Due to noise, there is some error at position \(x\):
\begin{equation} e(x) = I(x - d) - J(x) \end{equation}
We sum the errors over some window \(W\) at position \(x\):
\begin{equation} E(x) = \sum_{x \in W} w(x) \left[ I(x-d) - J(x) \right]^2 \end{equation}
If \(E\) is small, then the patterns in \(I\) and \(J\) match well. We find the \(d\) that minimises \(E\). If we expand \(I(x-d)\) with Taylor expansion:
\begin{equation} I(x-dx, y-dy) = I(x,y) - dx I_x(x,y) - dy I_y (x,y) + \dots \end{equation}
Then,
\begin{equation}
J(x) = I(x - d) = I(x) - d^T g(x), g(x) = \begin{bmatrix}
I_x(x) \\\
I_y(x)
\end{bmatrix}
\end{equation}
Where g(x) is the intensity gradient. Substituting the above equation, and setting \(\frac{\partial E}{\partial d} = 0\):
\begin{equation} \frac{\partial E}{\partial d} = -2 \sum_{x \in W} w(x) \left[ I(x) - J(x) - d^T g(x) \right] g(x) \end{equation}
\begin{equation} \sum_{x \in W} w(x)\left[ I(x) - J(x) \right] g(x) = \sum_{x \in W} w(x) g(x) g^T(x) d \end{equation}
We denote this as:
\begin{equation} Z d = b \end{equation}
where
\begin{equation}
Z = \begin{bmatrix}
\sum_{x \in W} w I_x^2 & \sum_{x \in W} w I_x I_y \\\
\sum_{x \in W} wI_x I_y & \sum_{x \in W} w I_y^2
\end{bmatrix}, b = \begin{bmatrix}
\sum_{x \in W} w(I-J)I_x \\\
\sum_{x \in W} w(I-J)I_y
\end{bmatrix}
\end{equation}
With 2 unknowns and 2 equations, we can solve for \(d\).
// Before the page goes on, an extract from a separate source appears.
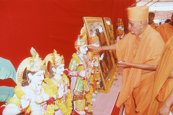 During the murti-pratishtha yagna of Junagadh Mandir Swamishri also performs the murti-pratishtha rituals of murtis for six other BAPS hari mandirs

Lucas-Kanade algorithm is often used with Harris/Tomasi’s corner detectors. First, corner detectors are applied to detect good features, then LK method is applied to compute \(d\) for each pixel. \(d\) is then accepted only for good features.
The math of LK tracker assumes \(d\) is small, and would only work for small displacements. To handle large displacements, the image is downsampled. Usually , the Gaussian filter is used to smoothen the image before scaling down.
Homography
https://docs.opencv.org/3.4.1/d9/dab/tutorial%5Fhomography.html
The planar homography relates the transformation between 2 planes, up to a scale factor:
\begin{equation}
s \begin{bmatrix}
x’ \\\
y’ \\\
1
\end{bmatrix} =
H \begin{bmatrix}
x \\\
y \\\
1
\end{bmatrix} =
\begin{bmatrix}
h_{11} & h_{12} & h_{13} \\\
h_{21} & h_{22} & h_{23} \\\
h_{31} & h_{32} & h_{33} \\\
\end{bmatrix}
\begin{bmatrix}
x \\\
y \\\
1
\end{bmatrix}
\end{equation}
The homography is a \(3 \times 3\) matrix with 8 degrees of freedom, as it is estimated up to a scale.
Homographies are used in:
- camera pose estimation
- panorama stitching
- perspective removal/correction
https://cseweb.ucsd.edu/classes/wi07/cse252a/homography%5Festimation/homography%5Festimation.pdf
Structure For Motion
In general, a single image cannot provide 3D information. From a set of images taken with varying camera positions, we can extract 3D information of the scene. This requires us to match (associate) features in one image with the same feature in another image.